**WHAT TO PRODUCE**
Write out each line below precisely, passing over the pictures.

+++ DATA SEGMENT

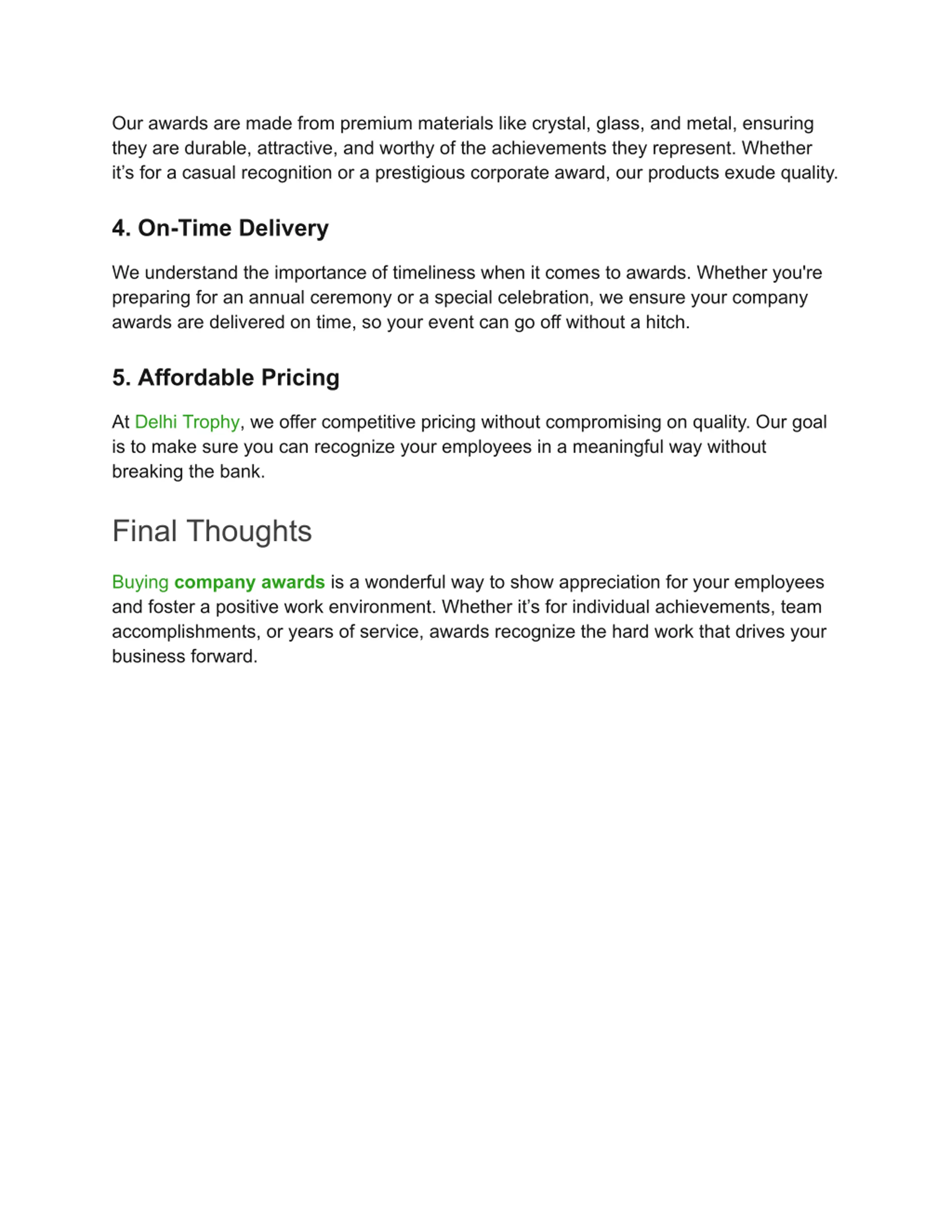 Our awards are made from premium materials like crystal, glass, and metal, ensuring they are durable, attractive, and worthy of the achievements they represent. Whether it s for a casual recognition or a prestigious corporate award, our products exude quality. 4. On-Time Delivery We understand the importance of timeliness when it comes to awards. Whether you're preparing for an annual ceremony or a special celebration, we ensure your company awards are delivered on time, so your event can go off without a hitch. 5. Affordable Pricing At Delhi Trophy, we offer competitive pricing without compromising on quality. Our goal is to make sure you can recognize your employees in a meaningful way without breaking the bank. Final Thoughts Buying company awards is a wonderful way to show appreciation for your employees and foster a positive work environment. Whether it s for individual achievements, team accomplishments, or years of service, awards recognize the hard work that drives your business forward.
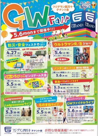 HOME > 新着情報 > イベント情報 > フジグラン四万十 フジグラン四万十 5月5日は「フジグラン四万十」で 東京からジャイアント小馬場こと「スギタヒロシ」と スリーディーエンタテインメントから筒井啓文&ジャガー川村の3組で お笑いモノマネショーだ!!! フジグラン四万十でものまねライブを見に来てください!
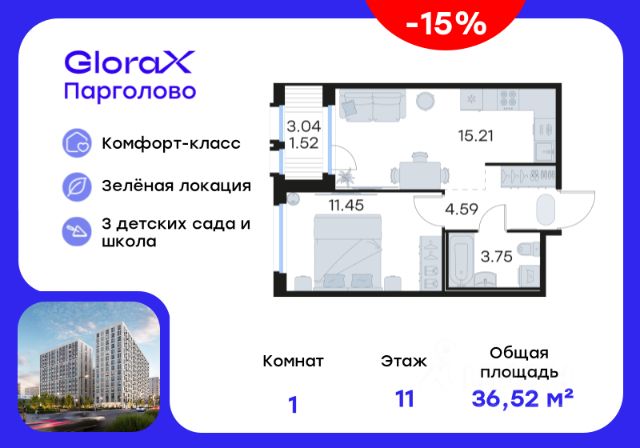 Продается 1-комн. квартира на 11-м этаже в проекте комфорт-класса GloraX Парголово. Общая площадь лота составляет 32,45 кв. м, из которых 10,15 кв. м отведено под жилую и 13,45 кв. м под кухонную зону. Номер квартиры - 100. Преимущества: - Квартира комфорт-класса с полной чистовой отделкой - Зеленый район, Шуваловский парк в 20 мин. пешком - 10 мин. до КАД, 15 мин. до ЗСД - 5 эт. паркинг на 451 м/м - Закрытые дворы с видеонаблюдением - Детские площадки с геопласткой и бизиборадми - Сады и школы в шаговой доступности - Спортивные площадки и велодорожки - Собственный комьюнити-центр - Келлеры для хранения - Коммерческие помещения на 1 этажах GloraX Парголово — масштабный проект комфорт-класса в Выборгском районе Санкт-Петербурга. Место, продуманное до мелочей, где все, что необходимо — рядом. Архитектурно-пространственное решение отличается лаконичностью и строгостью и придает проекту свой характер. Внутренние дворы закрыты от внешнего мира, создавая приватную территорию для жителей. Живите на природе, но с комфортом мегаполиса. Десять минут на велосипеде или полчаса пешком — и вы окажетесь в одном из культовых мест отдыха петербуржцев: Шуваловском парке, Орловском заказнике с их чистыми карьерами или на Суздальских озерах. До ж/д станции "Парголово" 7 минут на автомобиле, до метро Проспект Просвещения 25 минут, КАД 10 минут, ЗСД 15 минут. В шаговой доступности остановка общественного транспорта. В шаговой доступности — собственные школы и детские сады. Здесь все создано для максимального комфорта каждого жителя. Приватное пространство внутреннего двора с беседками с розетками для работы и отдыха, зеленый двор с уютным многоуровневым освещением, детскими эко-площадками и спортивными workout создает неповторимую атмосферу, заряжающую энергией на новые свершения. Квартиры сдаются с предчистовой отделкой White box, с возможностью дозаказа отделки в двух цветовых вариантах. Цена указана при 100% оплате или стандартной ипотеке. Узнайте подробности в Отделе продаж.

++++++

**RESPONSE FOR THIS EXERCISE**
 Our awards are made from premium materials like crystal, glass, and metal, ensuring they are durable, attractive, and worthy of the achievements they represent. Whether it s for a casual recognition or a prestigious corporate award, our products exude quality. 4. On-Time Delivery We understand the importance of timeliness when it comes to awards. Whether you're preparing for an annual ceremony or a special celebration, we ensure your company awards are delivered on time, so your event can go off without a hitch. 5. Affordable Pricing At Delhi Trophy, we offer competitive pricing without compromising on quality. Our goal is to make sure you can recognize your employees in a meaningful way without breaking the bank. Final Thoughts Buying company awards is a wonderful way to show appreciation for your employees and foster a positive work environment. Whether it s for individual achievements, team accomplishments, or years of service, awards recognize the hard work that drives your business forward.
 HOME > 新着情報 > イベント情報 > フジグラン四万十 フジグラン四万十 5月5日は「フジグラン四万十」で 東京からジャイアント小馬場こと「スギタヒロシ」と スリーディーエンタテインメントから筒井啓文&ジャガー川村の3組で お笑いモノマネショーだ!!! フジグラン四万十でものまねライブを見に来てください!
 Продается 1-комн. квартира на 11-м этаже в проекте комфорт-класса GloraX Парголово. Общая площадь лота составляет 32,45 кв. м, из которых 10,15 кв. м отведено под жилую и 13,45 кв. м под кухонную зону. Номер квартиры - 100. Преимущества: - Квартира комфорт-класса с полной чистовой отделкой - Зеленый район, Шуваловский парк в 20 мин. пешком - 10 мин. до КАД, 15 мин. до ЗСД - 5 эт. паркинг на 451 м/м - Закрытые дворы с видеонаблюдением - Детские площадки с геопласткой и бизиборадми - Сады и школы в шаговой доступности - Спортивные площадки и велодорожки - Собственный комьюнити-центр - Келлеры для хранения - Коммерческие помещения на 1 этажах GloraX Парголово — масштабный проект комфорт-класса в Выборгском районе Санкт-Петербурга. Место, продуманное до мелочей, где все, что необходимо — рядом. Архитектурно-пространственное решение отличается лаконичностью и строгостью и придает проекту свой характер. Внутренние дворы закрыты от внешнего мира, создавая приватную территорию для жителей. Живите на природе, но с комфортом мегаполиса. Десять минут на велосипеде или полчаса пешком — и вы окажетесь в одном из культовых мест отдыха петербуржцев: Шуваловском парке, Орловском заказнике с их чистыми карьерами или на Суздальских озерах. До ж/д станции "Парголово" 7 минут на автомобиле, до метро Проспект Просвещения 25 минут, КАД 10 минут, ЗСД 15 минут. В шаговой доступности остановка общественного транспорта. В шаговой доступности — собственные школы и детские сады. Здесь все создано для максимального комфорта каждого жителя. Приватное пространство внутреннего двора с беседками с розетками для работы и отдыха, зеленый двор с уютным многоуровневым освещением, детскими эко-площадками и спортивными workout создает неповторимую атмосферу, заряжающую энергией на новые свершения. Квартиры сдаются с предчистовой отделкой White box, с возможностью дозаказа отделки в двух цветовых вариантах. Цена указана при 100% оплате или стандартной ипотеке. Узнайте подробности в Отделе продаж.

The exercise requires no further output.